Task objective: Begin the copy at the line containing "经过前期层层选拔、组委会初评" and end it at the final line of the material below, reproducing each line exactly, without images.

Information supplied:
=-=-=-=-=

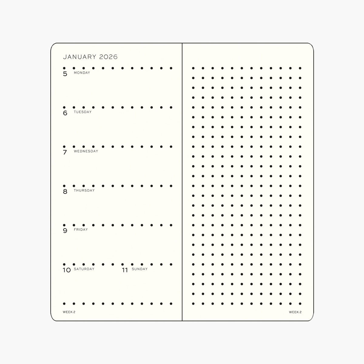 Cuaderno Leuchtturm1917 Some Lines A Day Rising Sun Leuchtturm Daily Planner Leuchtturm1917 Săptămânal Agenda 2026 12.5x19cm | Romania Agenda Journalier 2026 Leuchtturm1917 Avec fermeture élastique et 2 marque-pages, pochette pliable dans la couverture et étiquettes de titre et de dos pour écrire et archiver., Dimensions : 145 x 210 mm Chaque jour est au centre de l'attention. Ainsi, dans le calendrier journalier, non seulement les activités professionnelles ou scolaires trouvent l'espace dont elles ont besoin, mais aussi les loisirs, les événements du soir et les notes. L’agenda Semainier & Note Ligné 2026 de LEUCHTTURM1917, ici décliné en Rising Sun au format Medium (A5) avec couverture rigide (Hardcover), combine intelligemment planification hebdomadaire et prise de notes Agenda journalier de 12 mois (du 1er janvier 2026 au 31 décembre 2026) au format moyen (A5) avec couverture rigide. L'agenda Journalier Pointillé 2026 de LEUCHTTURM1917, ici décliné en Rising Sun au format Medium (A5) avec couverture rigide (Hardcover), allie liberté d'usage et structure quotidienne pour accompagner votre organisation tout au long de l'année Une page entière pour chaque jour de la semaine, y compris les samedis et dimanches, est affichée dans notre agenda quotidien sur une page séparée. L'agenda journalier offre une page complète pour chaque nouveau jour de la semaine et offre suffisamment d'espace pour une planification quotidienne détaillée.
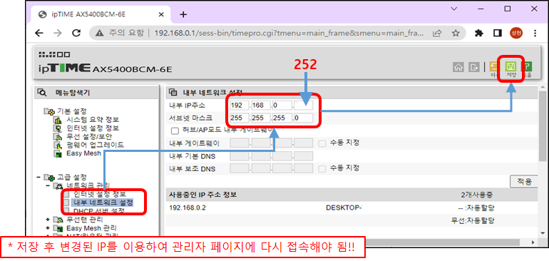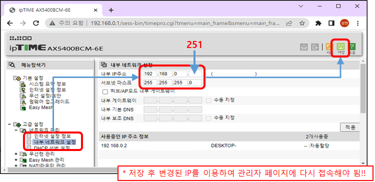 필자는 공유기는 250번 뒤로 미룬다. 그리고 네트워크 장치는 그 앞의 번호를 쓰게 한다. 편하신데로 하시면 되겠다. 필자의 Main 공유기는 251번이다.
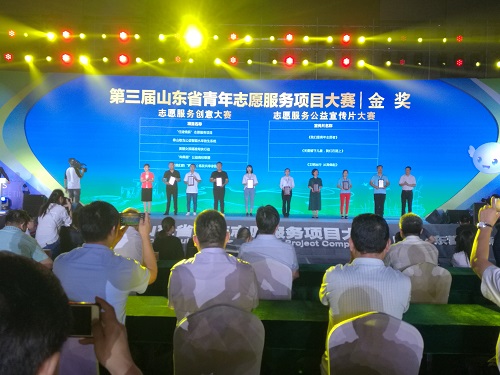 经过前期层层选拔、组委会初评、后期路演答辩,文公司“向草原”公益高校联盟”志愿服务项目在赛会上从众多项目中脱颖而出,获得第三届山东省青年志愿服务项目大赛创意类金奖。
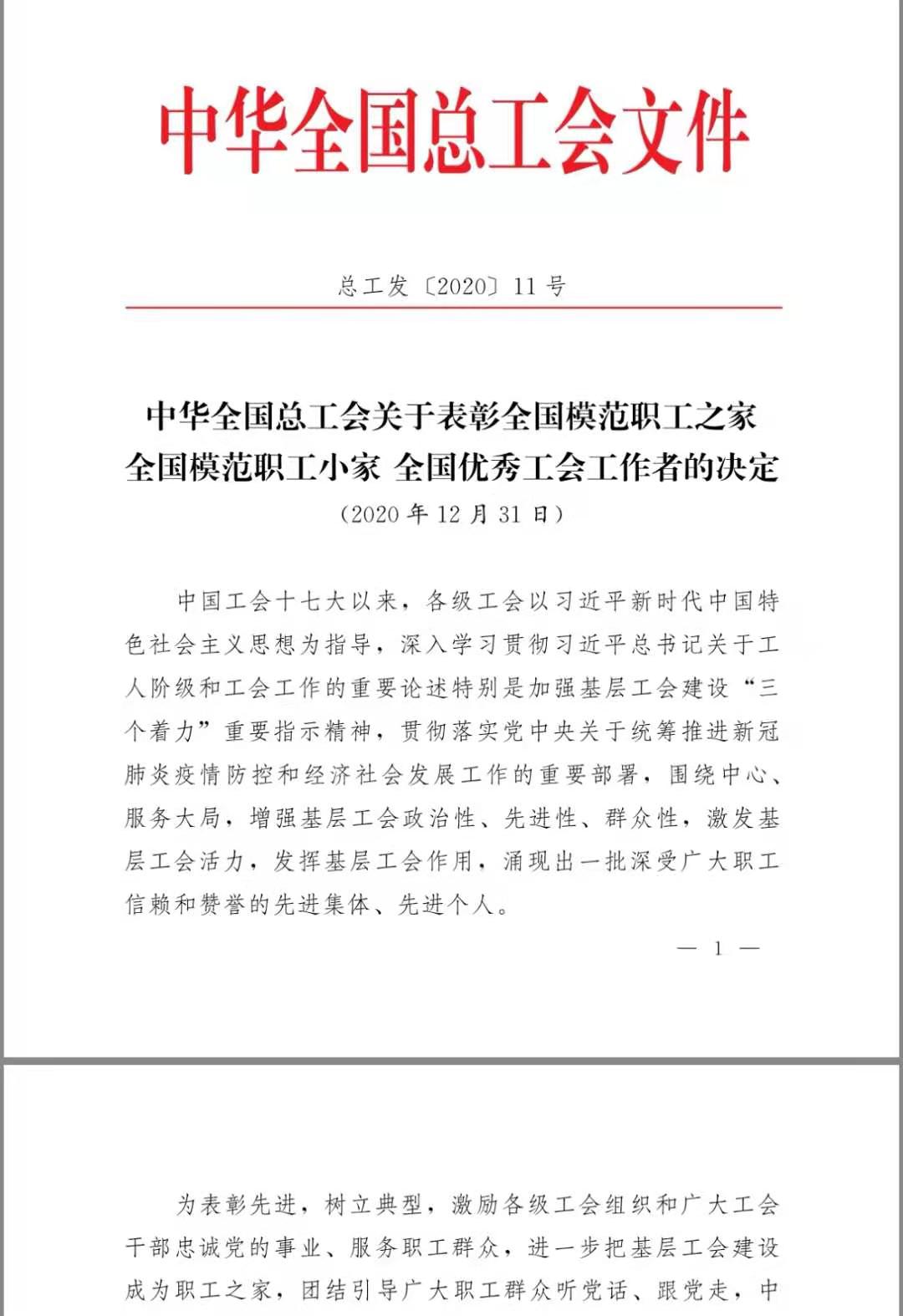 Recently, from the Chinese Federation of Trade Unions in commendation documents learned that the Sha City Light Industry Machinery Co., Ltd. processing workshop trade union was awarded the honorary title of "national model worker home

=-=-=-=-=

Finished task:
 经过前期层层选拔、组委会初评、后期路演答辩,文公司“向草原”公益高校联盟”志愿服务项目在赛会上从众多项目中脱颖而出,获得第三届山东省青年志愿服务项目大赛创意类金奖。
 Recently, from the Chinese Federation of Trade Unions in commendation documents learned that the Sha City Light Industry Machinery Co., Ltd. processing workshop trade union was awarded the honorary title of "national model worker home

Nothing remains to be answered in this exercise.